Thanks - I'll try this when I get home, tonight.

I don't have the DRI section in xorg.conf - atm it's just a default xorg.conf with "vesa" replaced with "radeonhd" - I'm working on a new install.

I unmasked the whole ~amd64 branch but I haven't updated X since that - I think I'm currently on 7.2.

I'll look for mesa. I do recall glxinfo listing Mesa in the first few lines of output, before all the supported GL_ constants.

----------

## Charlie.

After doing a full update of world and explicitly emerging mesa and xorg-x11, I have achieved DRI! I have also managed to resolve all AIGLX warnings and errors in Xorg's log.

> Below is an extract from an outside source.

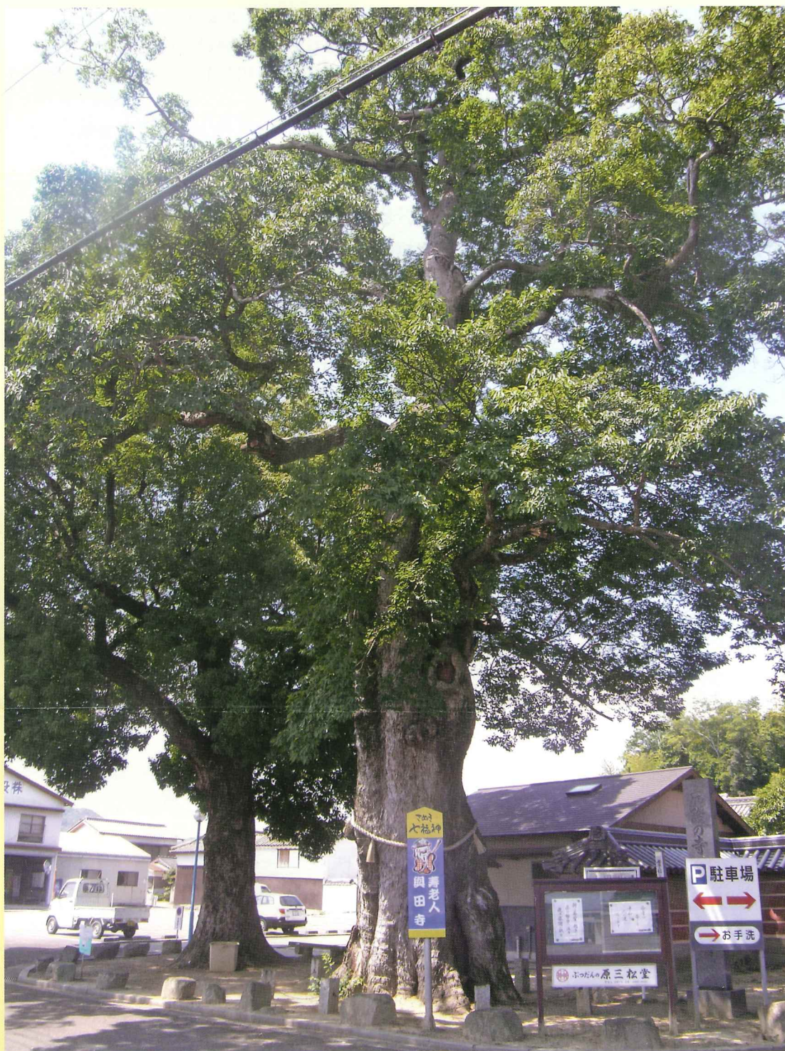
與田寺のムクの木(県指定天然記念物)

glxgears runs smoother, now, but reports a lower frame rate. I think the earlier one was incorrectly reported.

All that's left to do is get Compiz up on my XFCE box instead of XFWM.

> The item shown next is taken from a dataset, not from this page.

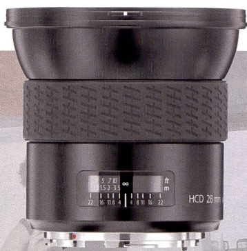
Le Hasselblad H3D dispose d'un «vrai» grand angulaire de 28 mm.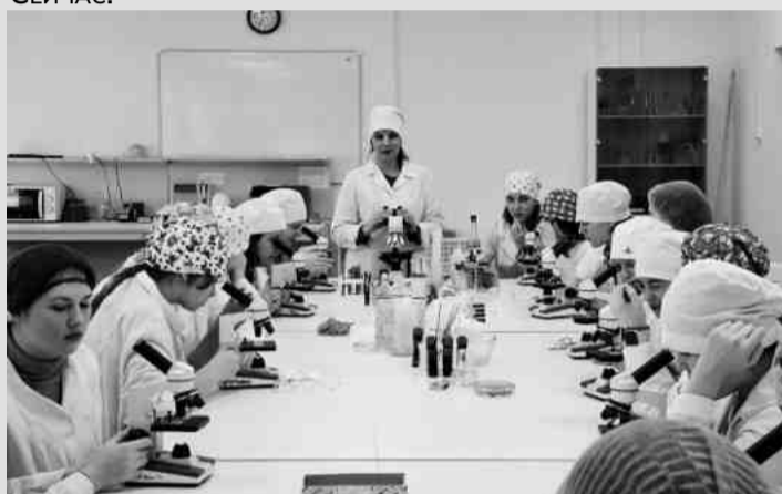
❖ Студенты БСХТ на занятиях

https://forums.gentoo.org/viewtopic-p-5265770.html#5265770

----------

## VinzC

Out of curiosity, what frame rate does glxgears now prompt?

----------

## Charlie.

Just under 700 on my X1900XTX with a bunch of stuff running - I wasn't in proper benchmark mode.

----------

## rodoke

VinzC: Did you just happen to be running the unstable versions of X.org and mesa, or did you upgrade in order to get DRI working? I'm on the stable versions of both packages now. I really don't want to de-keyword xorg-x11 unless I've got no other choice.

----------

## VinzC

 *rodoke wrote:*   

> VinzC: Did you just happen to be running the unstable versions of X.org and mesa, or did you upgrade in order to get DRI working? I'm on the stable versions of both packages now. I really don't want to de-keyword xorg-x11 unless I've got no other choice.

 

I had to de-keyword as mentioned above to run the latest Xorg stuff. I'm not using hard masked packages at all, just ~packages.

----------